* _Aim of the task_
One exact copy of the listing is needed. It should contain no pictures.

* _Supplied information_
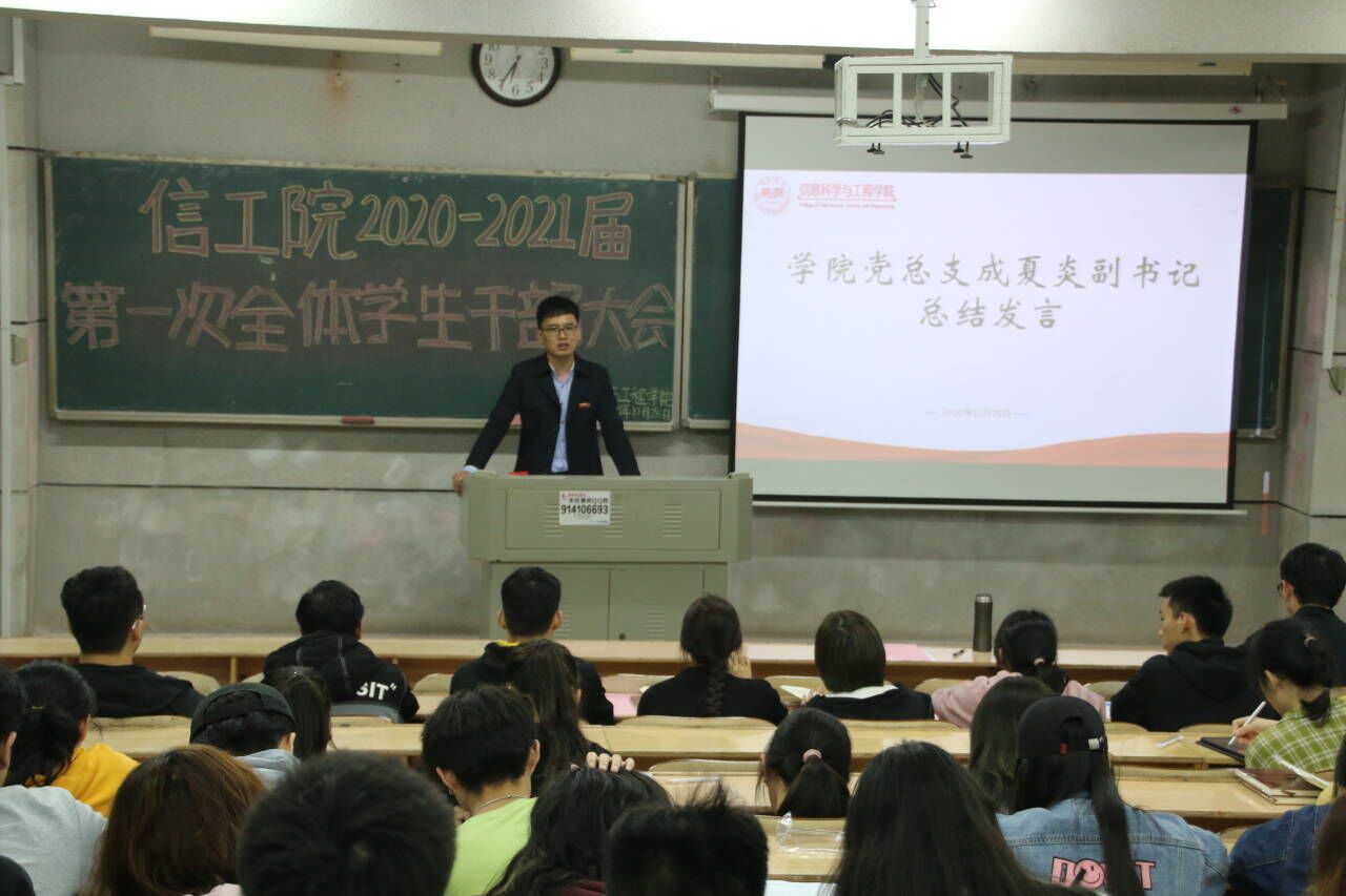 10月28日晚,我院在润寰南101召开2020-2021届学生干部第一次全体会议,学院党总支副书记成夏炎、学工办主任关红儒出席,会议由团总支学生副书记张玉鑫主持。
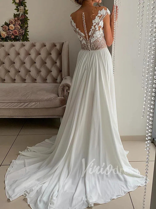 <transcy>Vestidos de novia de playa de gasa con cuentas y abertura lateral VW1260</transcy>
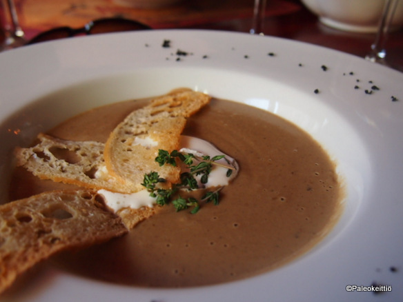 Alkuruoaksi molemmille kermaista metsäsienikeittoa sinihomejuustomoussella. Näytti hyvältä ja maistui ihan ookoolta. Tosin ensimmäinen kommenttini oli, että mistäköhän purkista tämä on lämmitetty. Ihan hyvää… purkkiruokaa. Ei siinä mitään. Sinihomejuustoa en annoksesta löytänyt, vaikka päällä jonkinlainen mousse lilluikin.

* _Solution for this problem_
 10月28日晚,我院在润寰南101召开2020-2021届学生干部第一次全体会议,学院党总支副书记成夏炎、学工办主任关红儒出席,会议由团总支学生副书记张玉鑫主持。
 <transcy>Vestidos de novia de playa de gasa con cuentas y abertura lateral VW1260</transcy>
 Alkuruoaksi molemmille kermaista metsäsienikeittoa sinihomejuustomoussella. Näytti hyvältä ja maistui ihan ookoolta. Tosin ensimmäinen kommenttini oli, että mistäköhän purkista tämä on lämmitetty. Ihan hyvää… purkkiruokaa. Ei siinä mitään. Sinihomejuustoa en annoksesta löytänyt, vaikka päällä jonkinlainen mousse lilluikin.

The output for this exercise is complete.